• **WHAT TO DO**
Leave the pictures out and quote only the lines from the one with "The bedrooms' calm" down to the end of the listing below.
--------------------
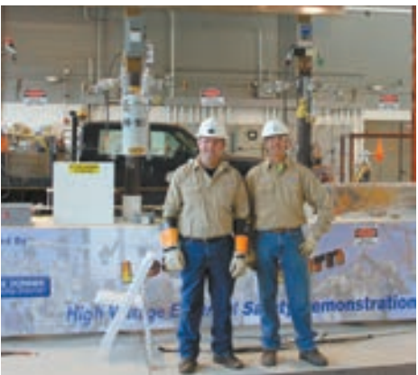
The Truckee Donner PUD staff presents a very educational demonstration about electricity on Saturday and Sunday.
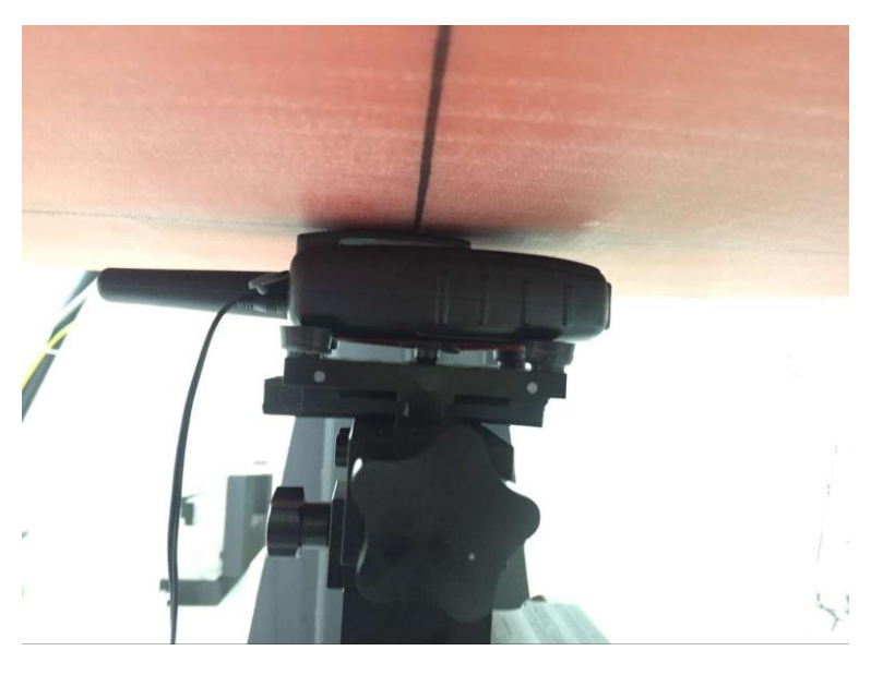
Body-worn, the rear of the EUT towards ground with A1, B1, BC1 and AC1
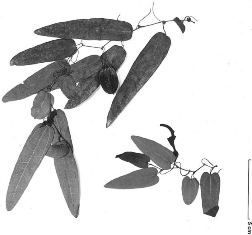
Fig. 4. Aristolochia stenophylla – one flowering and one fruiting branch from the epitype collection (Greuter & Rankin 24893).

nio del Sur, Abra de Mariana, loma al este del barranco, 6.2.1978, Bisse & al. 36553 (HAJB, JE); San Antonio del Sur, Abra de Mariana, loma al oeste del barranco, 6.2.1978, Bisse & al. 36594 (B, HAJB, JE, K).
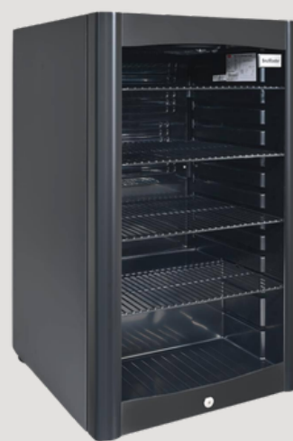
98L UNDER-COUNTER FRIDGE
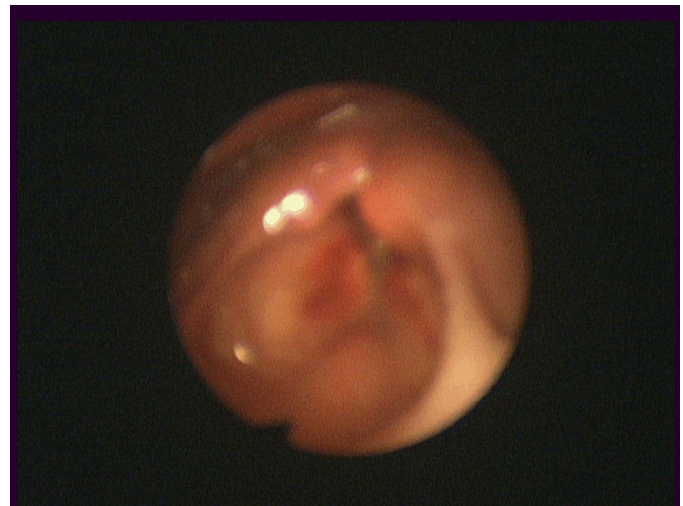
Figure 2: Haematoma involving left arytenoid and false cords with limited view of the glottis.

clinical improvement. He was observed for four days in hospital (the first 24 hours on HDU) and on discharge, the patient felt he had returned to his pre-morbid state. He was discharged on a low dose of oral prednisolone for one week.
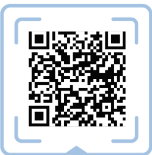
Family Survival Guide

Trusted, timely, & actionable information—at your fingertips.
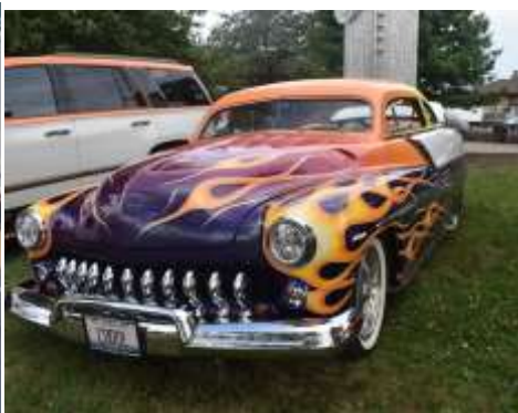
Columbus Good Guys Show
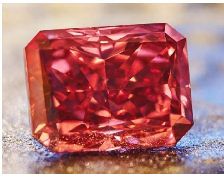
The 2.11-carat radiant-cut fancy red Argyle Everglow, the top lot of the 2017 Argyle Pink Diamonds Tender

According to Argyle Coins, over the past 15 years, the value of Argyle Pink Diamonds sold at Tender have appreciated by over 300%.
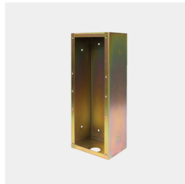
FWE-1 | 60701
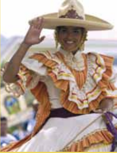
Left: Woman in traditional costume, Puerto Vallarta
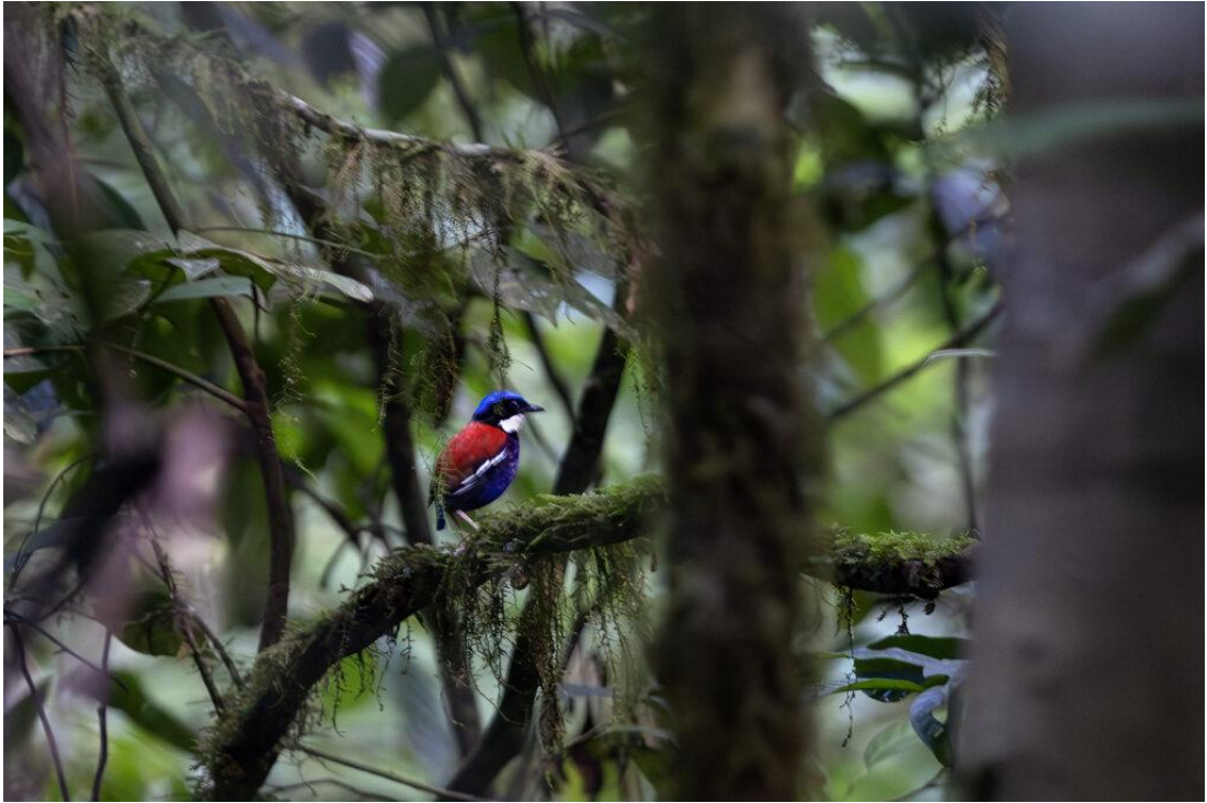
The stunning male of the Blue-headed Pitta is a real jewel of the forest floor
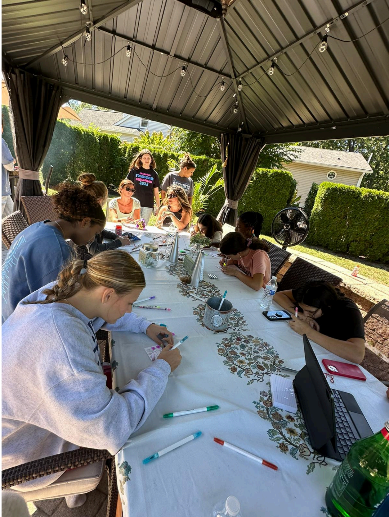
2. Old Bridge Day September 21st
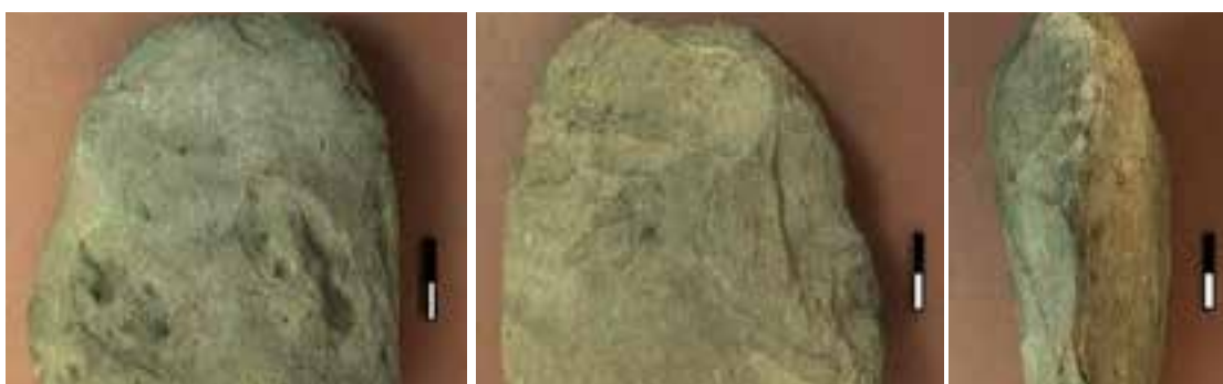
Figure 4: Three views of an axe/hatchet made of hornfels. This axe was constructed from a water-worn pebble of hornfels and probably used as both an axe and hammer. Axe grinding grooves have been identified at Caddies Creek, near where the axe was discovered. Sydney Metro Northwest Archaeological Salvage Program , Plate 47, page 16.
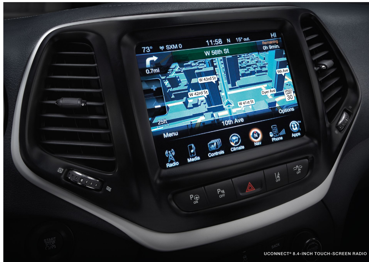
UCONNECT® 8.4-INCH TOUCH-SCREEN RADIO
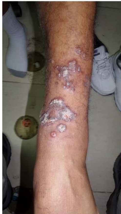
Fig. 3 Cutaneous leishmaniasis: L arm revealing diffuse CL disease
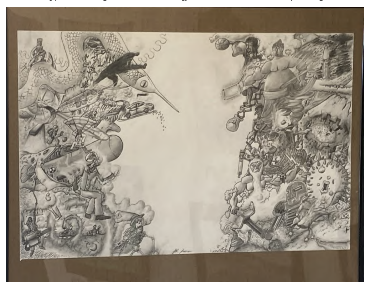
Blick Gift Certificate - Luke Laeser—"The Battle of Time"
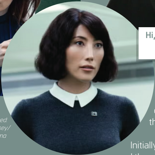
Pictured: Ms. Casey/Gemma

Outie Mark on the other hand, is very depressed after the passing of his wife, Gemma (who we later learn is alive and working at Lumon as Ms. Casey). Mark cries in his car before work, and uses severance as the chance to escape his painful past for 8 hours a day. He lives a quiet, almost monotonous life outside of work, spending time alone at home or having awkward interactions with neighbors. His main social connection is his
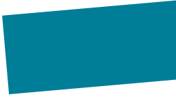
Table 4: 2017 student contribution amounts
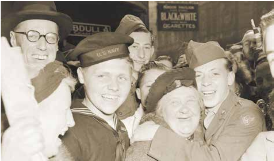
American servicemen and British civilians in London celebrate Germany's surrender. May 8, 1945.
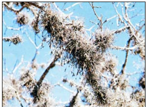
Ball moss development on post oak limbs.

Control ball moss with foliar applications of fungicides such as Kocide 101. Apply just before an anticipated rainfall. On severely infested trees, a second application may be required in 12 months. When using Kocide avoid drift to nearby sensitive plants and buildings.
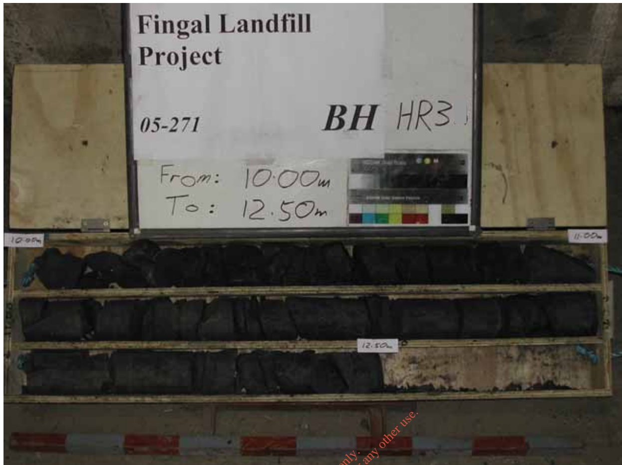
BH HR3: 10.00-12.50m
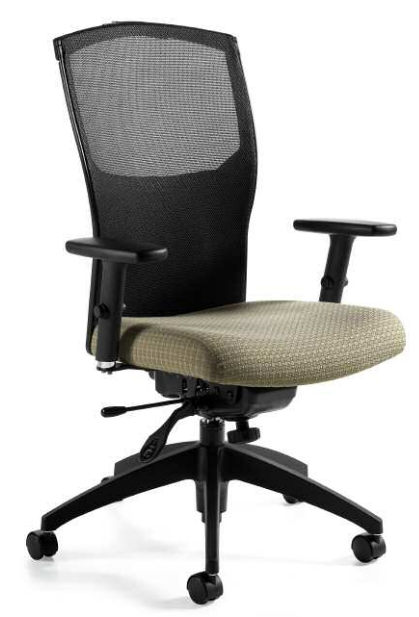
1961-2 High Back Knee-Tilter (no Headrest), shown in GIG GIG1 Stone. Also, shown on cover in Momentum 0HS Warmth 0H12
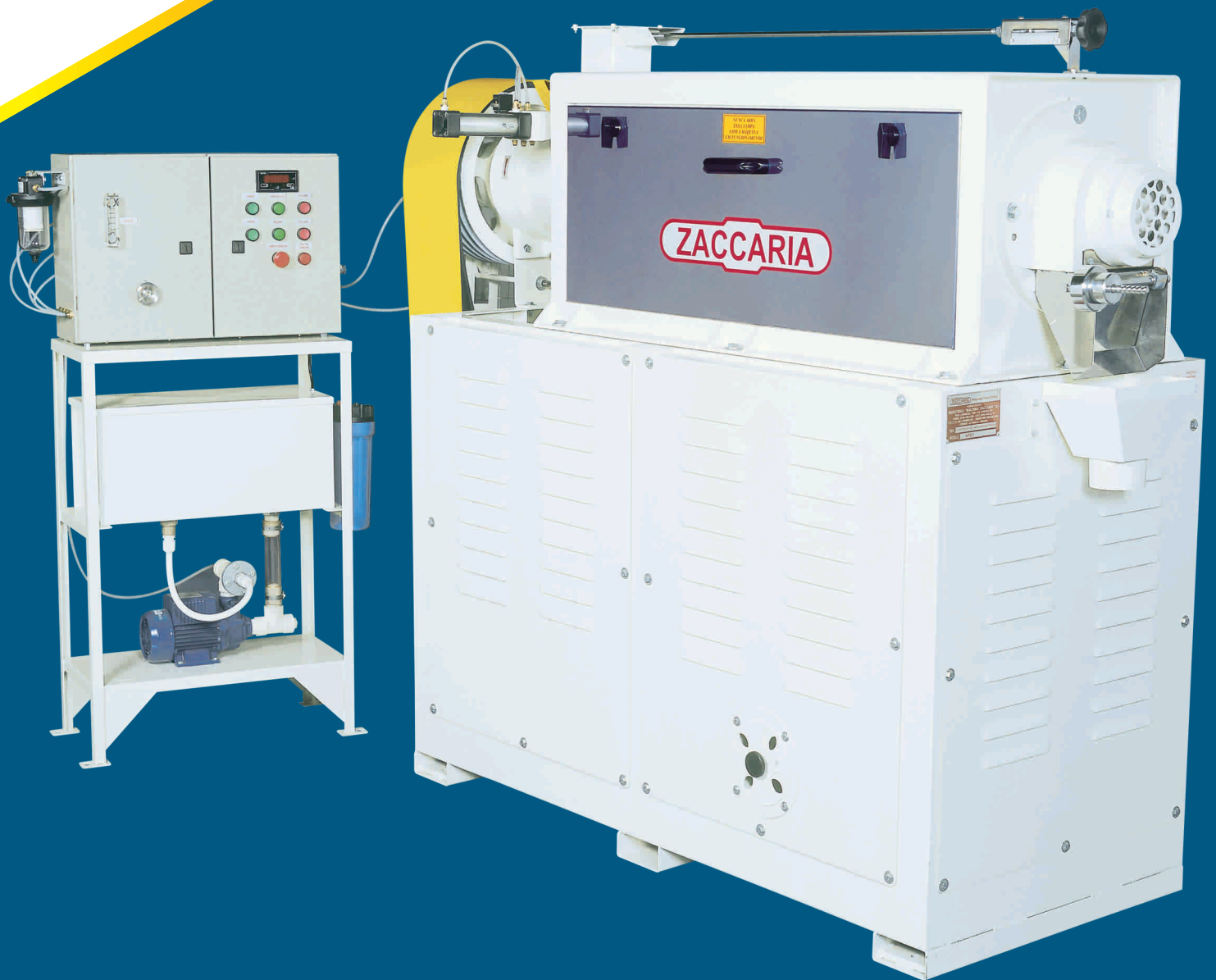
Water Polisher WPZ-1
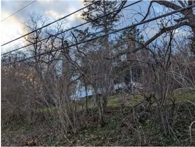
4810 CR 16 Photo 3: (2023-01-06T03:21:50.774Z)
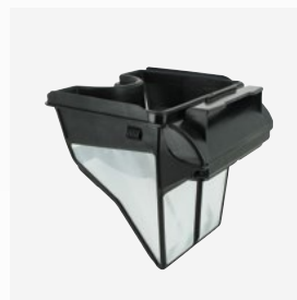
Filter canister filter: 100 µ
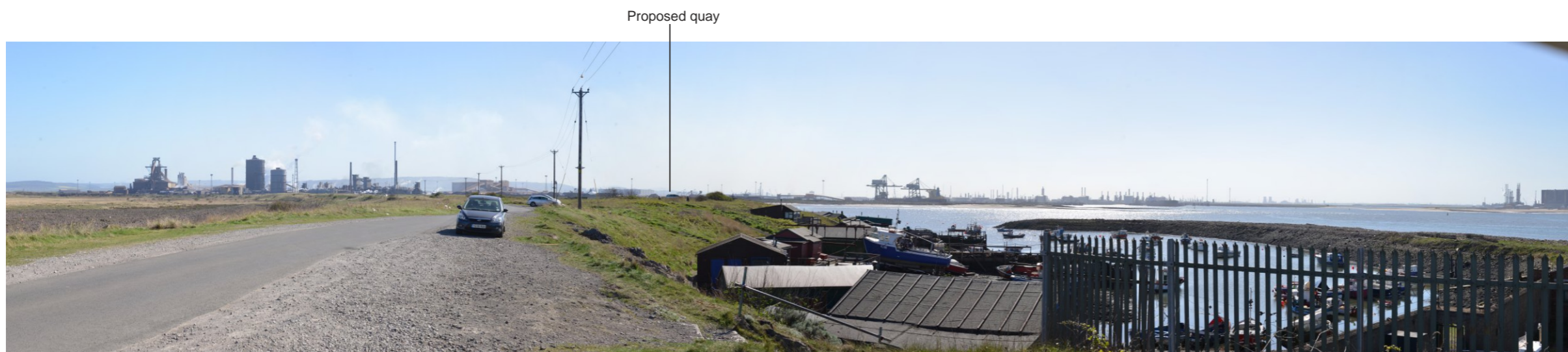
VIEW 2. Looking south from Teesdale Way across Paddy's Hole Marina
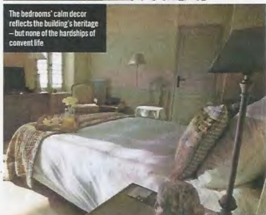
The bedrooms' calm decor reflects the building's heritage – but none of the hardships of convent life

THE FACTS Le Couvent d'Hérépien, Hérépien, costs from £107 per suite per night, two sharing (00 33 46711 8715, www.garrigaeresorts.com/le-couvent ). Ryanair flies from Stansted to Carcassonne from £51.62 return ( www.ryanair.com ).
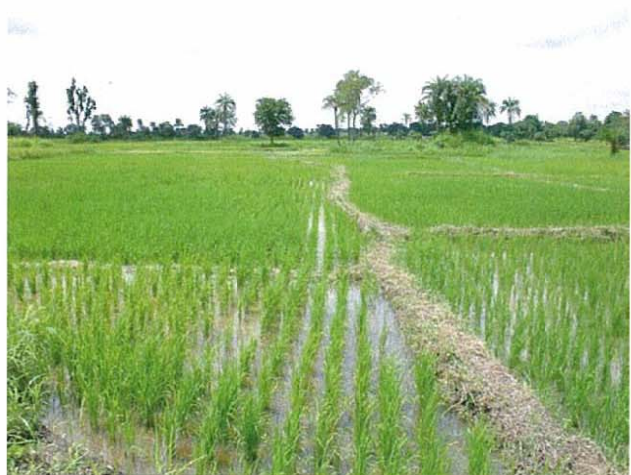
Figure 2. Recommended sawah practice.
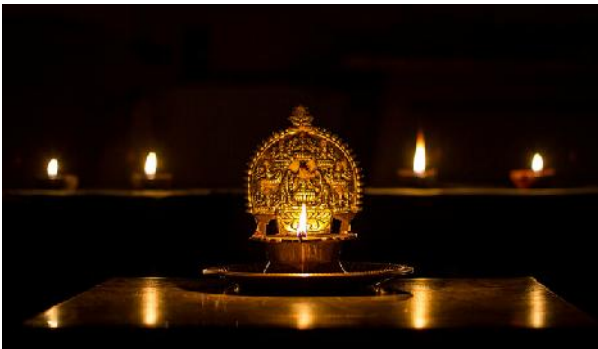
A more traditional Diwali light display.

Researchers in London have collected airborne particles from Diwali and Guy Fawkes. These were found to deplete lung defences far more than pollution from traffic sources, suggesting a greater toxicity. Across India, Diwali fireworks have been linked to a 30% to 40% increase in recorded breathing problems. Like New Year's Eve, fireworks are a relatively new phenomenon at Diwali.
--------------------
• **EXERCISE RESULT**
The bedrooms' calm decor reflects the building's heritage – but none of the hardships of convent life

THE FACTS Le Couvent d'Hérépien, Hérépien, costs from £107 per suite per night, two sharing (00 33 46711 8715, www.garrigaeresorts.com/le-couvent ). Ryanair flies from Stansted to Carcassonne from £51.62 return ( www.ryanair.com ).
Figure 2. Recommended sawah practice.
A more traditional Diwali light display.

Researchers in London have collected airborne particles from Diwali and Guy Fawkes. These were found to deplete lung defences far more than pollution from traffic sources, suggesting a greater toxicity. Across India, Diwali fireworks have been linked to a 30% to 40% increase in recorded breathing problems. Like New Year's Eve, fireworks are a relatively new phenomenon at Diwali.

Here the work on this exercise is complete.